Key facts
- A European Central Bank study found the AI boom's impact on U.S. employment and wages has been muted so far.
- Jobs with high AI substitution risk, such as economists and graphic designers, declined by over 4% between 2019 and 2025.
A European Central Bank study indicates that while AI may displace some workers, its overall impact on U.S. aggregate employment and wages has been minimal to date.
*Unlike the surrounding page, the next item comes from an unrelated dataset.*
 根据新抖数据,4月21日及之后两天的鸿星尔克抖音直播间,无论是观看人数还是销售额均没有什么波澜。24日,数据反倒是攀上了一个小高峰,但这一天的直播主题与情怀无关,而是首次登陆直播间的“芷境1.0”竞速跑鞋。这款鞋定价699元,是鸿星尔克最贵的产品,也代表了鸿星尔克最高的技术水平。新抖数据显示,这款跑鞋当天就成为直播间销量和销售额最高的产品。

Jobs with high AI substitution risk have declined, while low-risk jobs have increased.

The findings challenge widespread fears about AI-driven mass unemployment and wage stagnation, suggesting a more gradual and adaptive labor market response in the U.S. This has implications for future economic policy, workforce training, and the perceived threat of automation.
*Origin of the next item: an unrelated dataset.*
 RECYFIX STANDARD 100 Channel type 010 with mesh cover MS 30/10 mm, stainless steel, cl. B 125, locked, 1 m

A European Central Bank study released on Monday suggests that the ongoing boom in artificial intelligence usage has had a muted impact on aggregate employment and wages in the United States thus far. While concerns persist that AI could lead to widespread job displacement and increased inequality, current data indicate a different trend.
The study argues that the U.S. economy began adjusting to AI several years ago, with jobs most vulnerable to AI substitution being reallocated to other sectors. Between 2019 and 2025, jobs with a high risk of AI substitution are projected to have grown approximately 15 percentage points less than those with a low risk. Specifically, employment in high-risk roles, such as economists and graphic designers, declined by more than 4% during this period.
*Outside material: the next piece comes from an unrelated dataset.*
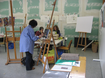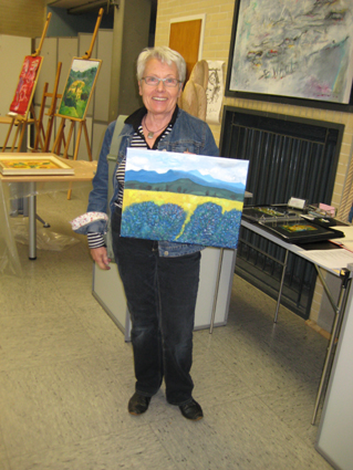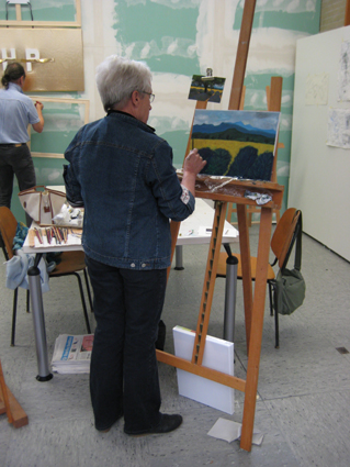 Diese Besucherin malt zum 1. Mal mit Ölfarbe. Elke Bock zeigt ihr die Arbeitsweise.

In contrast, employment in jobs with a low risk of AI substitution, like electricians and high school teachers, saw an increase of 13%. This shift has led to an increase in the share of low-risk jobs in total U.S. employment from 23% to 25%, while the share of high-risk jobs has decreased from 35% to 33%.
Furthermore, the research found no significant impact on wage growth attributable to AI substitution risk since 2019. However, the ECB noted that as the labor market continues to adapt and AI tools become more generative, income effects could become more pronounced over time.